By Jason Nelson
3 min read
Earlier this month, someone paid the equivalent of $450,000 in SAND tokens for a house in the metaverse next door to Snoop Dogg. A person could have bought a physical home for that much money.
While 2021 saw a boom in the virtual property real estate market—with people and companies paying hundreds of thousands of dollars in ETH and other cryptocurrencies to stake their claims—some instead are taking their crypto and buying real-world property.
The real estate market in the United States alone is worth $156.2 billion, according to IBISWorld. New York City is one of the spots seeing an increase in crypto HODLers, as investors use their gains to move into luxurious addresses.
Ryan Serhant—the real estate broker, author, and star of “Million Dollar Listing New York”—has sold over $5 billion in real estate, according to his team.

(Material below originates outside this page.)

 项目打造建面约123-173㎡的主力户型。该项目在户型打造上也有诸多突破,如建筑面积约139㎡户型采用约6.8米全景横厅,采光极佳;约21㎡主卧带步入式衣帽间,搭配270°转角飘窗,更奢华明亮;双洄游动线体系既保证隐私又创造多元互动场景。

And he predicts that 50% of real estate transactions will be done using cryptocurrency in the next five years. "There's just going to be a lot of crypto whales moving money and putting it into hard assets, buying penthouses and all that," the founder and CEO of the eponymous real estate firm, Serhant, told Decrypt. "I think we're in a very unique point in time.”
"We'll end up doing, in New York alone, maybe one or two deals this month that are wallet to wallet, Serhant said. "And then six or seven deals this month using an intermediary like BitPay."

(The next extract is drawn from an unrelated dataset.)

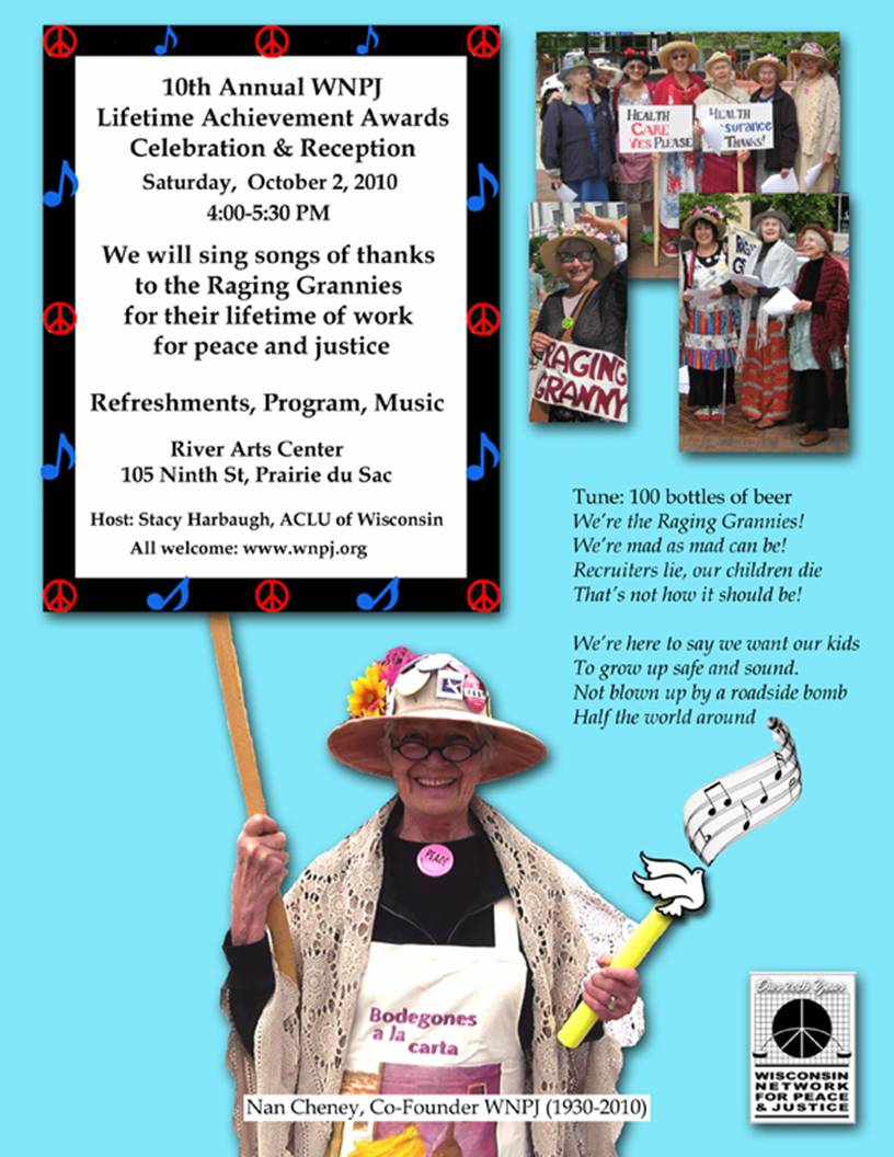 | Oct. 3 | Awards ceremony at WNPJ Annual Assembly in Madison. Hear Take Me Out of the War Game (2 MB MP3) and see 40 second QuickTime video clip of rehearsal (21 MB MOV). |

The celebrity real estate broker says that as more people become comfortable with cryptocurrency, it will become a means toward potentially saving for things like homeownership. Banks, too, should become more comfortable with the asset and begin facilitating loans. But that time hasn't come just yet.
"Right now," Serhant said, "if I go to an institutional lender, and I want to go get a loan on a home and use their financing, and if I say all my assets are in a mixture of Solana, Ethereum, and Bitcoin, the bank's gonna say, 'Yeah, that's too risky, too volatile, we can't really lend on that, or we'll lend on 25% of it or something.'"

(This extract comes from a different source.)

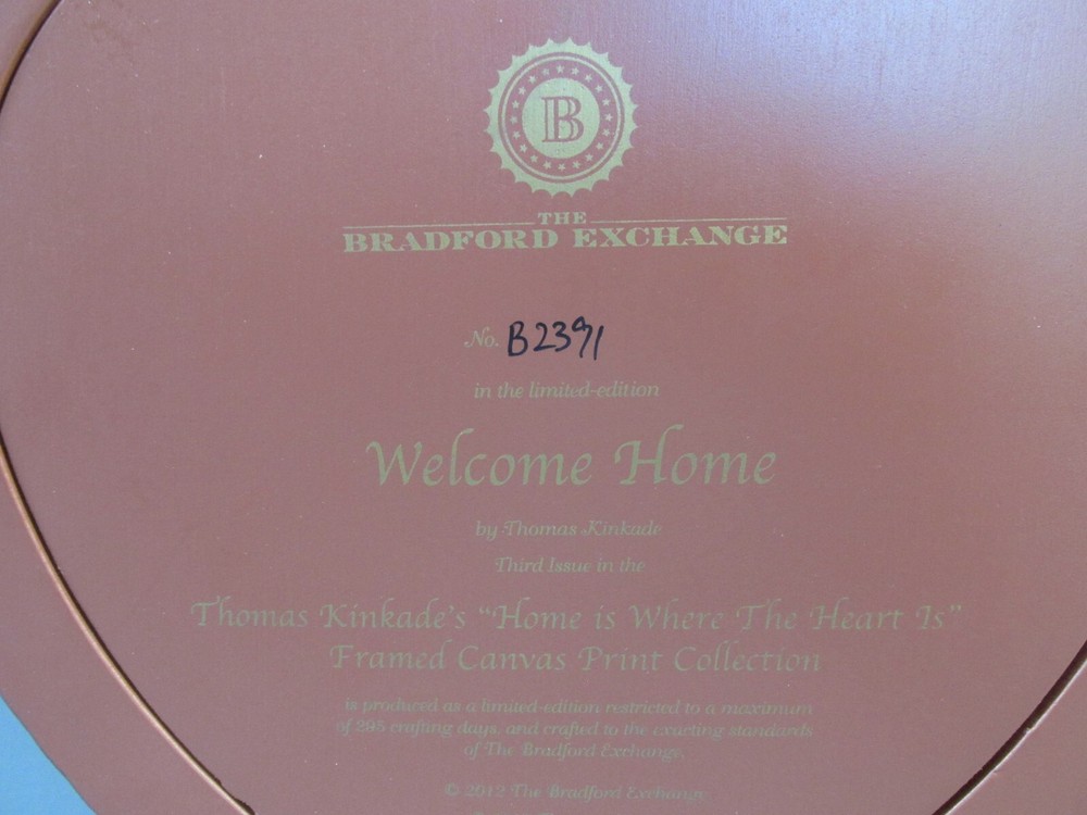 Box: No Size / Measurements: See Full Description Seller Notes: “Like new condition. No chips or cracks. White spots are glare from lights.” Issue Number: Third Bradex Number: 01-12016-003 Dated: 2012 Numbered: B2391 Collection: Thomas Kinkade's "Home is Where the Heart Is" Framed Canvas Print Combine Shipping: Yes Color: Multi-Color Brand: The Bradford Exchange

While Serhant believes that we will start to see an uptick in crypto being used to buy things, brokers can't just sell houses to anyone who steps up with a Bitcoin wallet. There are still legal factors to consider and Know Your Customer (KYC) policies to keep criminals and sanctioned individuals from buying property in the United States using cryptocurrency.
"We need to make sure that as we buy and sell real estate in major American markets that we are above board," Serhant said. "That's really important. I'm definitely an advocate of safe money. But at the same time, if being able to purchase your cryptocurrency makes purchasing things like homes and everything else, faster, easier, amongst many other reasons, that goes a long way."
That's why he's ready for the influx of new crypto money. "If somebody has $20 million in Ethereum, and wants to use 15 of it to buy an apartment," he said, "I'm more than happy to broker that deal."